Salesforce has launched an investigation into what it calls "unusual activity" involving applications published by Gainsight that potentially exposed sensitive customer information. The cloud software giant has taken the precautionary measure of temporarily suspending access to all affected tools while the security probe continues.
Access to Gainsight Applications Temporarily Suspended
In an official update posted on its status website, Salesforce revealed that certain Gainsight-developed applications, which customers install and manage independently, might have enabled unauthorized access to Salesforce data. The company has revoked all active access to these applications as a security measure, though it emphasized that there's no evidence suggesting the issue originated from vulnerabilities in its core platform.
Salesforce confirmed it is actively working to determine the full scope and impact of the security incident. Meanwhile, Gainsight has acknowledged cooperation with Salesforce in the ongoing investigation but has not provided additional details about the nature of the breach or the number of customers potentially affected.
Growing Security Risks in Software Integrations
While the exact scale and specifics of the Salesforce-Gainsight incident remain unclear, cybersecurity experts note an alarming trend of attackers increasingly targeting integration points between major software-as-a-service platforms.
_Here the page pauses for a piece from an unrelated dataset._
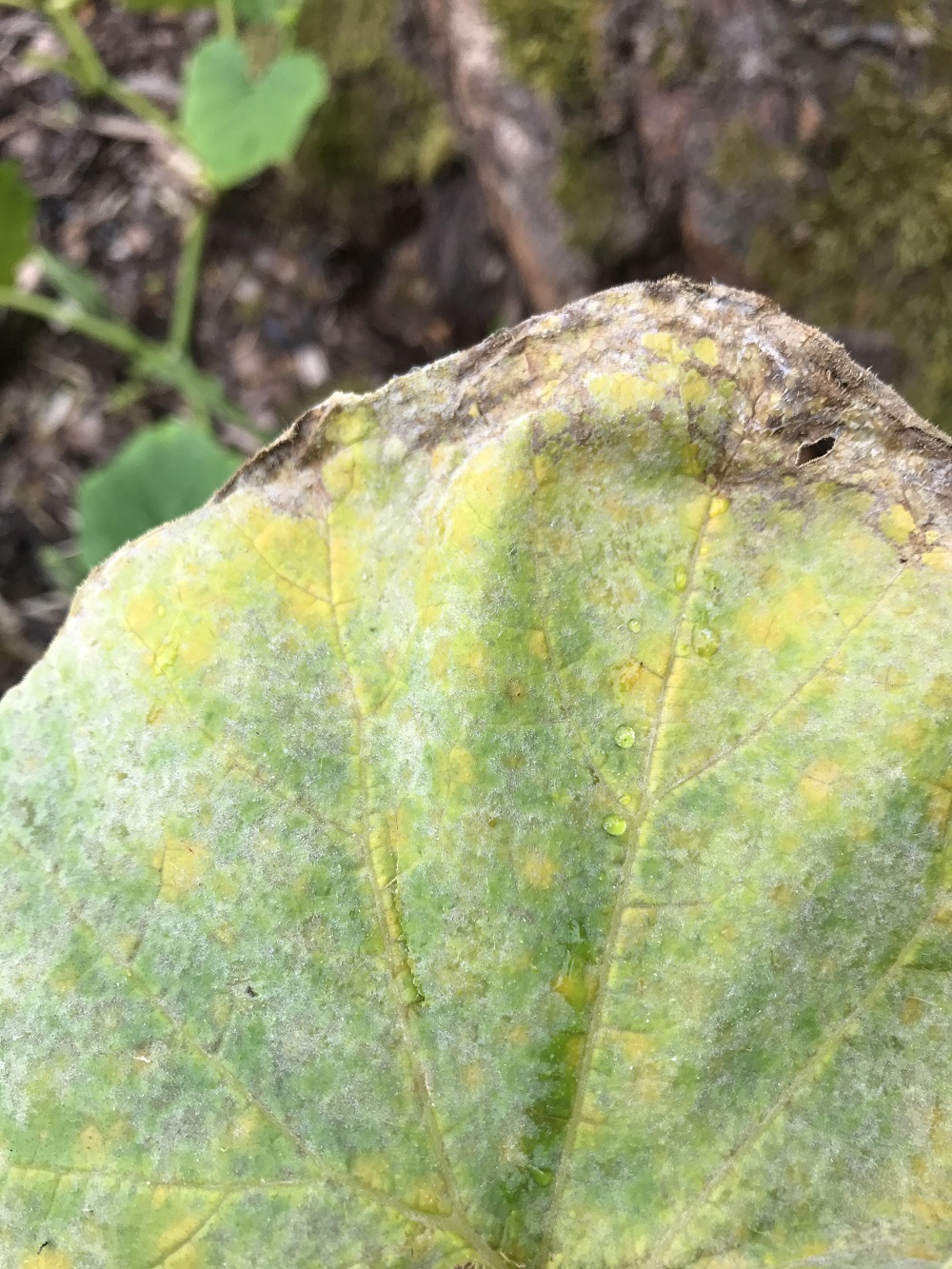 Wäre schon interessant zu wissen, ob vielleicht nur das älteste Blatt befallen ist (und ob dieses beschattet und dauerhaft auf feuchtem Boden liegt), ob alle Blätter der Pflanze so klein sind wie auf dem Foto... und ob also überhaupt Handlungsbedarf besteht und wenn ja, in welcher Richtung (nur Entfernen des Blattes, Düngung, trockenere Unterlage/Rankmöglichkeit...).

These connective interfaces, designed to enable seamless data sharing between different systems, have become prime targets for cybercriminals when not properly secured.
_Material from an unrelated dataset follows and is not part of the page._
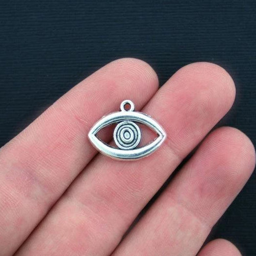 Evil eye antique silver tone charms, in a zinc alloy metal.

Jaime Blasco, cofounder of Nudge Security, highlighted this emerging threat landscape. "This is the new attack surface," Blasco told Reuters, explaining that attackers often bypass heavily fortified core platforms by exploiting connected services that typically have elevated permissions. He further elaborated on LinkedIn that these integration points have become primary targets for sophisticated cyberattacks.
Recent Incidents Highlight Integration Vulnerabilities
The Salesforce-Gainsight investigation follows several high-profile security incidents that underscore the vulnerability of software integrations. Last month, Google disclosed that a security flaw in Oracle's E-Business Suite likely impacted more than 100 organizations. Earlier this year, Google also revealed that attackers successfully convinced employees at Salesforce customer organizations to install compromised versions of Salesforce's Data Loader tool, enabling unauthorized access to sensitive information.
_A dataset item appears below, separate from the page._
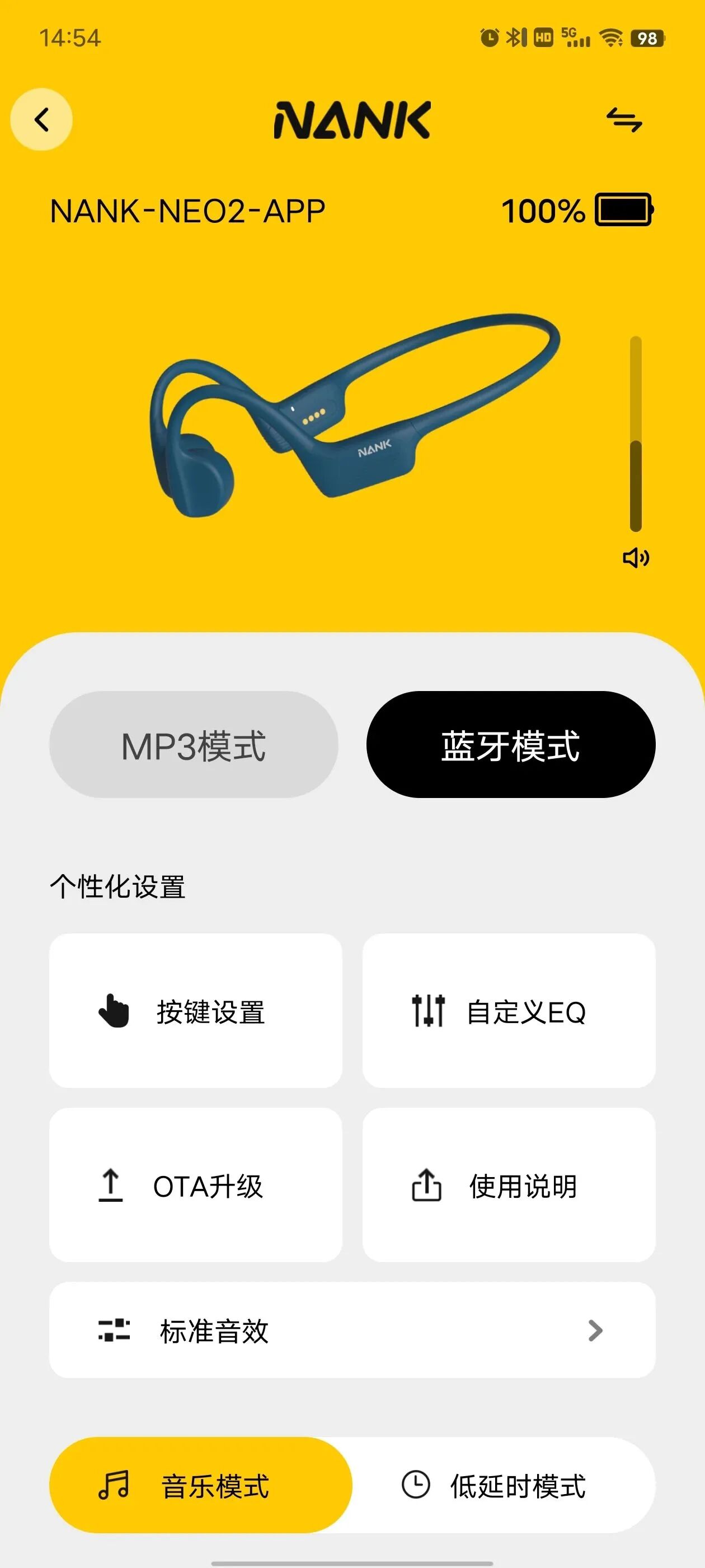 打开南卡APP可以看到耳机已经与软件连通,可以在App上进行mp3或者蓝牙模式的切换,十分便利,在上方能看到当前设备剩余电量与音量大小,在底部可以选择两种模式,音乐与低延迟(游戏模式),个性化设置中有五中选项,值得一提的是EQ模式,可玩度还是极高的。

In a separate incident last month, cybercriminals associated with ransomware attacks on UK retailers claimed responsibility for stealing nearly one billion records from Salesforce. The hacking group, operating under the name Scattered LAPSUS$ Hunters, told Reuters they accessed substantial personal data by targeting organizations using Salesforce products. Security researchers identify this group as UNC6040 and note their reliance on social engineering tactics to compromise victims.
The group appears to be a splinter faction of the broader LAPSUS$ gang and has claimed responsibility for breaches affecting major UK retailers including Marks & Spencer, the Co-op, and Jaguar Land Rover earlier this year. Google's Threat Intelligence Group continues to monitor this threat actor's activities.